2棟目3棟目の融資が簡単ではなくなる理由とは?
1〜2棟物件を買えた後で融資が引けなくなり、それ以上買うことができない、というパターンに陥っている人をよく見かけます。
その多くは、最初の物件を購入するときに、決算書や必要書類をすべて人に任せており、物件選定も融資つけも業者任せという「依存系」の人たちです。こういう人たちは、そもそも良くない物件を買ってしまっている場合が多く、当然ながら、銀行開拓も全くしていません。
最初にラクをしたツケが、後になって出てきているのです。言ってみれば、自業自得です。
融資の仕組みを簡単に説明しましょう。最初の1棟目は、個人の属性に頼った融資を引くことができるため、物件の評価がイマイチだったとしても、意外にあっさり買えることが多いものです。先に出た「一法人一物件スキーム」は、この1棟目は買いやすいという融資の特性を利用した手法です(関連記事『不動産投資の「一法人一物件スキーム」…そのデメリットとは?』参照)。しかし、2棟目3棟目となると、銀行から事業者として評価されるため、融資を引くことが簡単ではなくなります。
決算書の影響もあります。物件を買うことで、諸費用の他にも修繕費や広告宣伝費などもかかってくるので、現金が減っています。特に決算期間際で買った物件は、まだ売上が決算書に反映されていない状態で、長期借入金だけが載ってくるので、自己資本比率も債務償還年数も悪くなります。そうすると、決算書の内容がどうしても悪くなってしまうのです。
不動産以外の事業が儲かっていて、悪い決算書をカバーできるならそれでも問題なく買っていくことができますが、属性に頼った融資の引き方をしていると、債務超過として見られてしまいます。

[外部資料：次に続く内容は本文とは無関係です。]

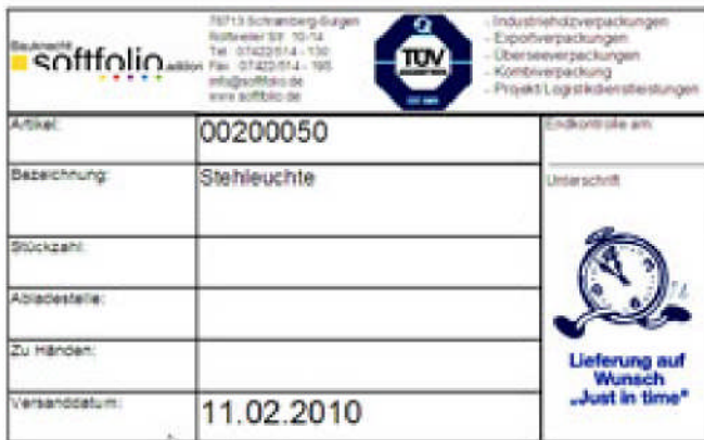
Beispiel für ein Arteketikett

Für das Auszeichnen von Waren setzen heutzutage viele Unternehmen noch immer eigenständige Inselfösungen ein, die nicht in das ERP-System integriert sind. Dieser Zustand verhindert einen durchgängigen Datenfluss, beinhaltet Fehlerquellen durch Redundanzen und erschwert die Transparenz. Mit dem Softfolio Zusatzmodul Etikettierung können Sie, direkt aus der Office Line, Artikel- und Adressetiketten verwalten und drucken. Dadurch entfällt die lästige und zeitaufwändige doppelte Eingabe der Artikeldaten. Darüber hinaus können Sie dieses Modul als Grundlage für die mobile Datenerfassung zum Ein- und Auslagern von Artikeln verwenden.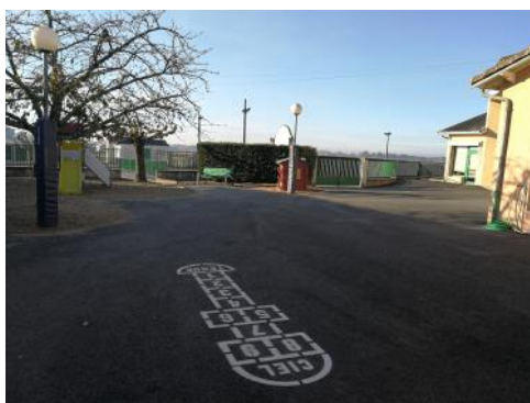
Cour école Maternelle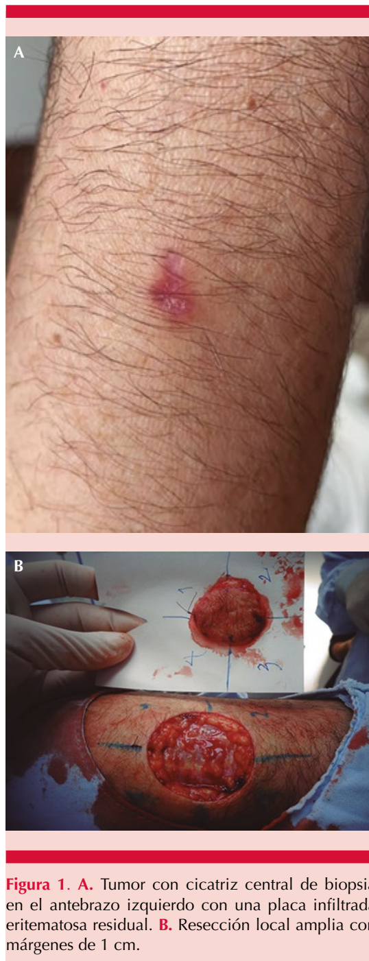
Figura 1. A. Tumor con cicatriz central de biopsia en el antebrazo izquierdo con una placa infiltrada eritematosa residual. B. Resección local amplia con márgenes de 1 cm.

La inmunohistoquímica fue positiva para CK (AE1/AE3), CK5/6, CK7, CK19, CK17, CK14, EMA, ACE policlonal, CA 19.9, S100 y Ki67 con índice de proliferación celular del 20% ( Figura 3 ). Con los hallazgos anteriores se consideró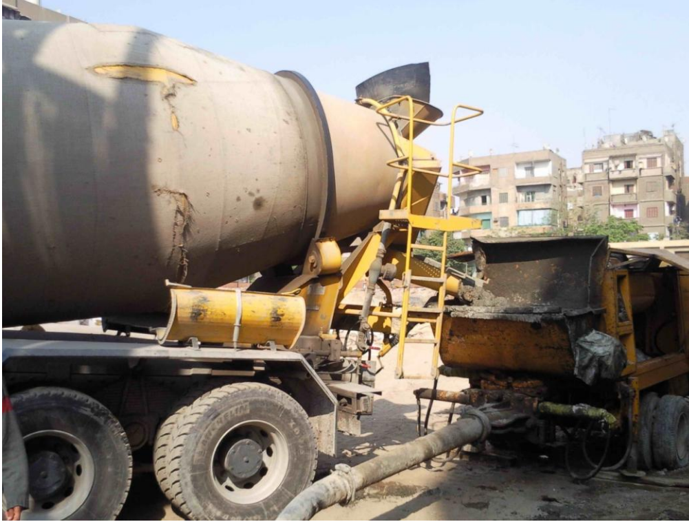
دخول عربة الخرسانة على المضخة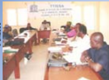
Une vue de l'assistance au séminaire de réflexion

Dans la perspective des activités TTISSA, un projet intitulé « Programme de développement professionnel des enseignants » a été soumis à la réflexion des cadres du Ministère de l'Éducation Nationale et des partenaires internes, les 29 et 30 avril 2009.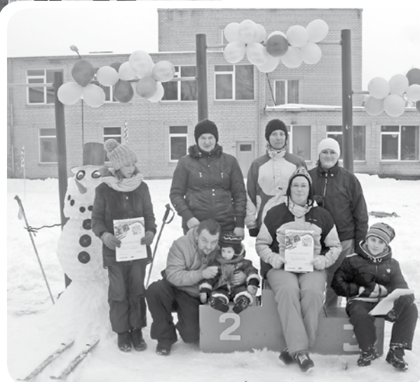
Veiksmīgākie jautrības stafetu dalībnieki.

その場合は、地道に残債を減らし、銀行の評価を上げていくしかありません。買値と同額程度で売れそうであれば、一旦売却してリセットすることもできますが、それができる人ばかりではないでしょう。
メガ大家を目指すのに、この段階で躓(つまづ)いていてはいけません。
物件を短期間で買い続けるための3つの重要なポイント
何棟も買い続けることを想定して買っていくには、スタートの段階からしっかり銀行の開拓をして、各銀行の融資に対する特徴を押さえておくことが必要です。
●属性や決算書を重視するのか
●担保評価を重視するのか
●買いたい物件に、どのくらいの評価を出すのか
それらをしっかり把握して、なるべく多くの銀行から評価を出させた上で、評価の高い物件を買うことが重要です。
物件評価を重視する銀行の場合、融資額が物件評価を上回らなければ、次に買いたい物件の融資づけの際に足枷になることはありません。それどころか、融資余力があれば2棟目を買うときに、1棟目を他の銀行で共同担保にすることもできます。さらに、複数の銀行が評価を出してくれるのであれば、いざ売却となったときにより高く、スピーディに売れる可能性も高くなります。
評価の出る物件を選ぶには、次の点を意識することです。
●積算評価が売価より高い物件
●収益性の高い物件
言い換えれば、「相場より安い物件」を買うということです。
ちなみに、銀行の担保評価は積算評価を採用するのか、収益還元評価を採用するのか、それらの混合なのか、銀行によって方法が異なります。そのため、同じ物件でも、融資が出る銀行と出ない銀行があるのです。各銀行の評価方法を知ることで、それに合った物件を持ち込むことができます。
以上をまとめると、
●評価の出る(積算評価が高く、相場より安い)物件を買うこと
●銀行を開拓し、各行の評価方法や評価額を押さえること
●出口を意識して買うこと
この3つが、物件を短期間で買い続けるための、重要なポイントになります。
補足になりますが、もしも、ダメな物件を買ってしまい、次の融資を引くことが困難な場合は、どうしたらいいのでしょうか。打開策としては、次のようなものがあります。
●小ロットのボロ物件を現金で買って再生する
●銀行では融資が付かない高利回り物件を、ノンバンクの融資を引いて買う
ボロ戸建など、小ロットの物件を再生して、売却を絡めながらキャッシュを増やしていくのです。このやり方を選択肢の一つとして知っておくと、苦境から抜け出すための武器になってくれるでしょう。